Крушение коммунизма и распад СССР – элемент и одновременно один из источников этого передела, ещё более ускорили его, расширили поле деятельности, увеличили число «призов» и, естественно, ожесточили борьбу за них, обеспечив «внелегальное» поле для накопления «легальных капиталов». А следовательно, усилили и ужесточили мировую (на всех уровнях) конкуренцию. Конечно, хорошо, что широкомасштабных массовых войн, похоже, больше не будет, только локальные и региональные конфликты. Однако нужно помнить, что первая по сути мировая воина, с которой и родился капитализм, – Тридцатилетняя (1618–1648) представляла собой серию, череду нескольких региональных и локальных войн.

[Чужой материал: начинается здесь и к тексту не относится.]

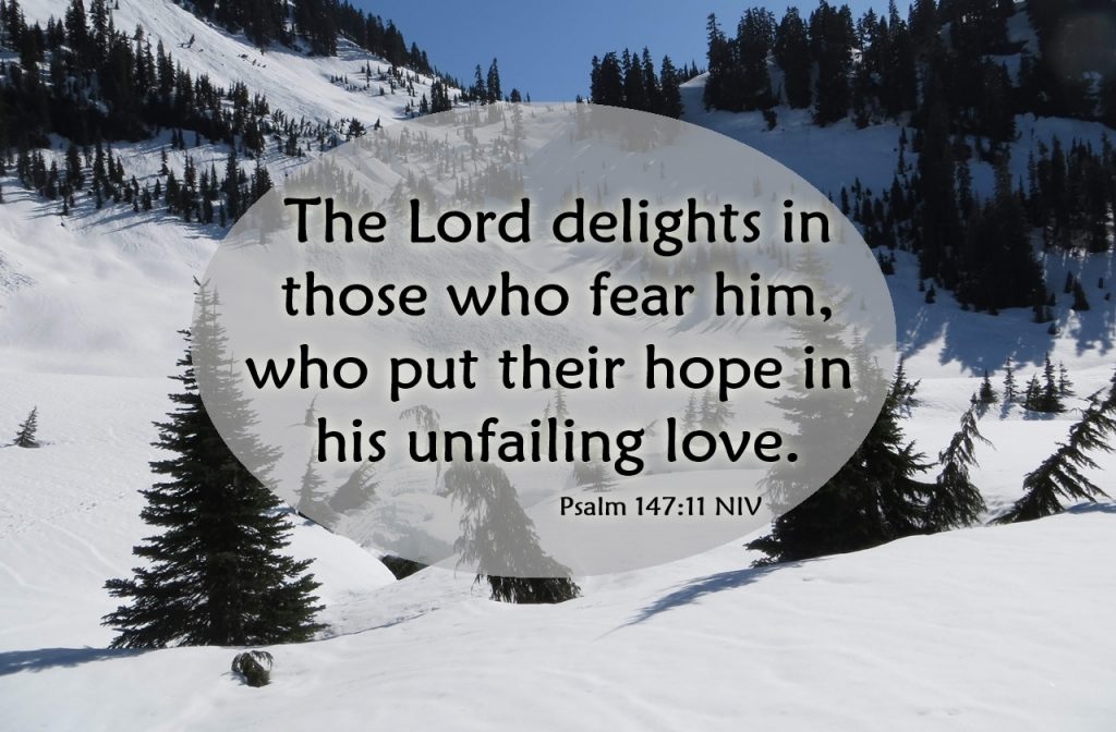 His pleasure is not in the strength of the horse,nor his delight in the legs of the warrior;the LORD delights in those who fear him,who put their hope in his unfailing love.Psalm 147:10-11 NIV

Это не говоря о том, что помимо войн социальная конкуренция в обществе и между различными (со)обществами может приобрести исключительно жестокий характер. Особенно в условиях социальной и экономической поляризации, борьбы за ресурсы и, как знать, за возможность превращения в иной биологический вид или, скажем скромнее, в иную «физико-морфологическую форму». Homo – с иными качеством здоровья, продолжительностью жизни, средой обитания и качеством последней[125]. «Биологическое» измерение социальных конфликтов способно придать им столь ожесточённый характер, что он затмит ужасы повседневности войн XX в., и единственным его аналогом может оказаться биосоциальный «отбор» на заре человеческой истории. По крайней мере, в этом нет ничего невозможного. Впрочем, и чисто социальных, знакомых нам «конвенциональных» конфликтов, помноженных на упадок государства и универсалистских идеологий, хватит «с головой».

 

Поэтому на нынешнее пропагандистское «всё бы хорошо» («небо ясное, ветер тёплый, солнце к ночи за Чёрные горы садится») хочется ответить по старогайдаровски: «Да что-то нехорошо… будто то ли что-то гремит, то ли что-то стучит… Будто пахнет ветер не цветами с садов, не мёдом с лугов, а пахнет то ли дымом с пожаров, то ли порохом с разрывов».

Не надо впадать в панику, но не стоит также расслабляться и поддаваться «синдрому Сидония Аполлинария»; много лучше правило: «Не who is alarmed is armed» («Кто предупреждён, тот вооружён»).

И с этой точки зрения очень полезно вспомнить «Манифест Коммунистической партии». Вольно, зная исторический результат и будучи крепкими задним умом, иронизировать над «Манифестом». Однако если отвлечься от частного и конкретноисторического, обусловленного периодом середины XIX в. (плюс-минус двадцать пять лет), то эта работа фиксирует очень простую, важную и правильную мысль: общественная жизнь, история – это борьба. Не обязательно классов, как подчёркивали Маркс и Энгельс, но и классов тоже. Не обязательно непосредственная и явная, но – борьба.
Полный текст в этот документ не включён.